Hindu-Nationalisten fordern härteres Vorgehen
Die Lage hat sich nach dem 11. September deutlich verschärft. Die hindu-nationalistische Regierung in New Delhi sah die Chance gekommen, härter gegen terroristische Aktivitäten im indischen Teil Kaschmirs vorzugehen. Dort kämpfen militante Moslems für den Anschluss an Pakistan oder für die Unabhängigkeit. Dabei werden sie von Pakistan mit Waffen, Geld und Logistik unterstützt. In Indien häufen sich darum die Stimmen, die fordern, das Konfliktgeschehen aus dem indischen Kaschmir heraus nach Pakistan zu verlegen. Ebenso wie die USA hätte Indien das Recht auf Selbstverteidigung gegen "einen von Pakistan entfachten Staatsterrorismus". Der Anschlag auf das indische Parlament hat das Fass endgültig zum Überlaufen gebracht.

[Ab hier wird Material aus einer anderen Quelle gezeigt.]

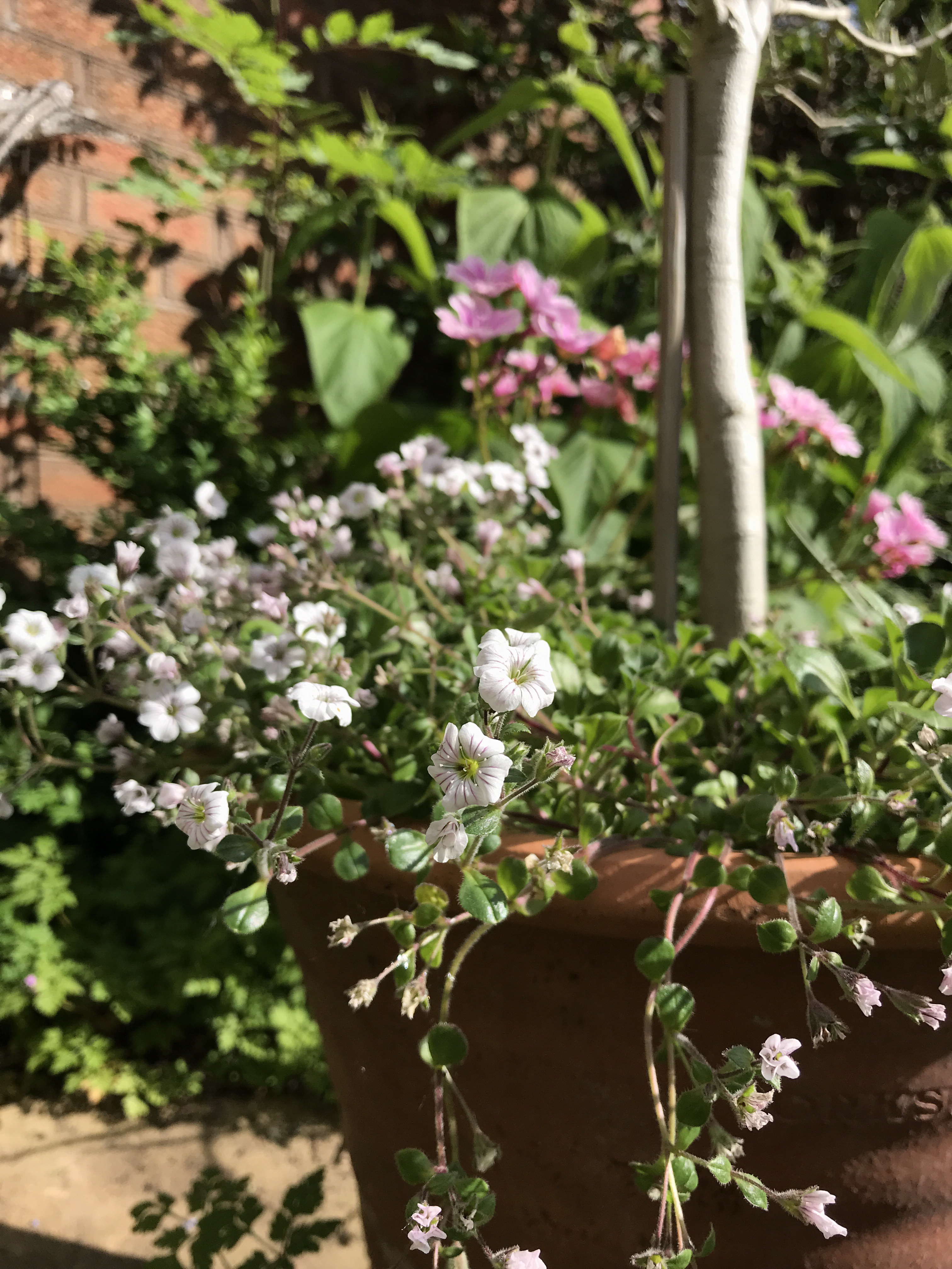 A cascading Gypsophila overflows its pot whilst flowering freely with dozens of tiny white trumpets, all worshiping the light, while from its Lewisia neighbour rise numerous slender stalks bearing exquisite pink blushed floral disks.
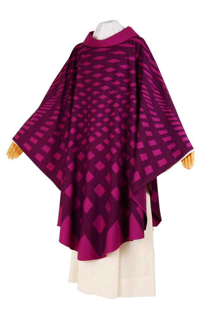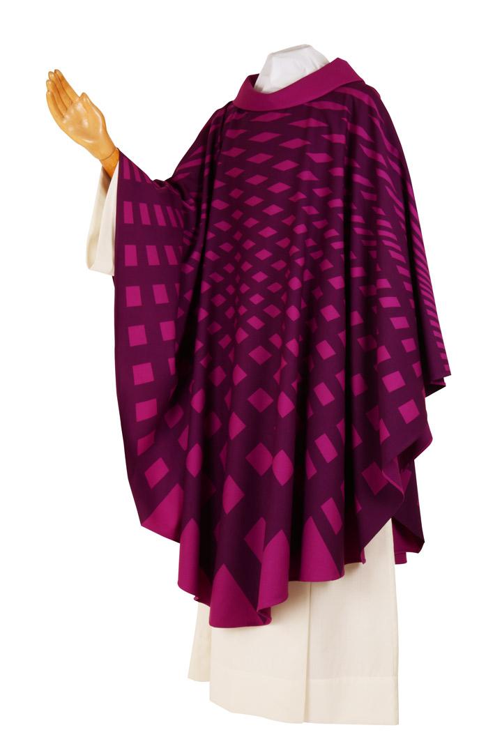 Casula Rete Art. CSER10 Confezionata in Sallia di Pura Lana Il tessuto sallia o "saglia" che utilizziamo per le nostre confezioni è realizzato con lana pettinata pura, perfettamente rasato e piuttosto brillante. Semplice e luminosa nelle tinte unite, la sallia di lana è un tessuto di alta qualità apprezzato per la sua eleganza, raffinatezza e versatilità. Sa valorizzare molto bene le lane pregiate, per questo motivo è molto utilizzata in contesti cerimoniali. Produzione Sartoriale Made in Italy dal 1939 Le varie decorazioni, ideate dal nostro studio di progettazione, sono frutto di una attenta ricerca volta al rispetto dei dettami della liturgia. I paramenti vengono poi confezionati nella nostra sartoria con procedimento puramente di tipo sartoriale. Le nostre vesti liturgiche sono di pregio e di ottima qualità e grazie alla confezione sartoriale siamo in grado di apporre le modifiche e le personalizzazioni richieste dal cliente. Misura standard: Larghezza cm 180 Lunghezza cm 135

Außerdem befindet sich die indische Regierung vor wichtigen Landtagswahlen, die über ihren Fortbestand entscheiden könnten. Da können sich die Hindu-Nationalisten kein Nachgeben erlauben. Umgekehrt berührt die Kaschmir-Frage wie keine andere den nationalen Stolz der Pakistaner. Auf diesem Terrain muss Militärmachthaber Musharraf vorsichtig agieren, um sich nicht den Zorn des Volkes zuziehen. Ansonsten muss er damit rechnen, von Rivalen unter dem Vorwand der Islamfeindlichkeit oder des mangelnden Patriotismus hinweggefegt zu werden.

Gefahr eines Atomkrieges
Drei Kriege haben Indien und Pakistan bereits geführt - der vierte könnte in einer nuklearen Katastrophe enden. Beide Staaten verfügen über Atombomben und Mittelstreckenraketen. Zwar gilt auch auf dem Subkontinent der erste Grundsatz der atomaren Logik: Wer zuerst schießt, stirbt als zweiter. Aber wer weiß, ob die Vernunft die Oberhand behält? Selbst wenn ja, ist ein Atomkrieg nicht ausgeschlossen. Denn Mechanismen, die eine unbefugte Nutzung oder einen unbeabsichtigten Abschuss von Atomwaffen verhindern, existieren nicht. Nicht umsonst bezeichnete der ehemalige US-Präsident Clinton Südasien bereits letztes Jahr "als die gefährlichste Region der Welt".